El estómago le gruñó recordándole que no probaba bocado desde el día anterior. Desató la talega de piel que su padre había olvidado en el taller del percamenarius y extendió su contenido en el suelo. Descubrió una tablilla de cera y un estilo de bronce que utilizaba como puntero. Envuelta en un paño, una manzana madura. La cogió y la mordió con fruición. Mientras masticaba, terminó de ordenar el resto de las pertenencias: un pequeño eslabón acerado para encender fuego, un crucifijo tallado en hueso, un frasco de esencia para perfumar pergaminos, y el carrete de hilo de cáñamo que Gorgias solía utilizar en el cosido.de los cuadernillos. Lo recogió todo para guardarlo de nuevo.

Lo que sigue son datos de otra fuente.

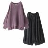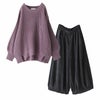 セットアップなので考えずに素敵にきれます。ラベンダーセーターとブラックのパンツの色合いが好きです。この形のパンツは初めてですが、動きやすいし可愛いですね。

Meditó un buen rato hasta tomar una decisión: huiría lejos de Würzburg, a un lugar donde nadie pudiera encontrarla. Tal vez al sur, a Aquitania; o al oeste, a Neustria, donde había oído hablar de la existencia de abadías regidas por mujeres. Incluso si encontrase la oportunidad, viajaría hasta Bizancio. Su padre siempre decía que algún día conocería a sus abuelos, los Theolopoulos. Apenas los recordaba, pero si llegaba a Constantinopla seguro que les encontraría. Allí trabajaría hasta convertirse en una mujer de provecho. Estudiaría gramática y poesía, como a Gorgias le hubiese gustado, y quizás entonces, algún día, se atreviese a regresar a Würzburg para encontrarse con su padre y pedirle perdón por sus pecados.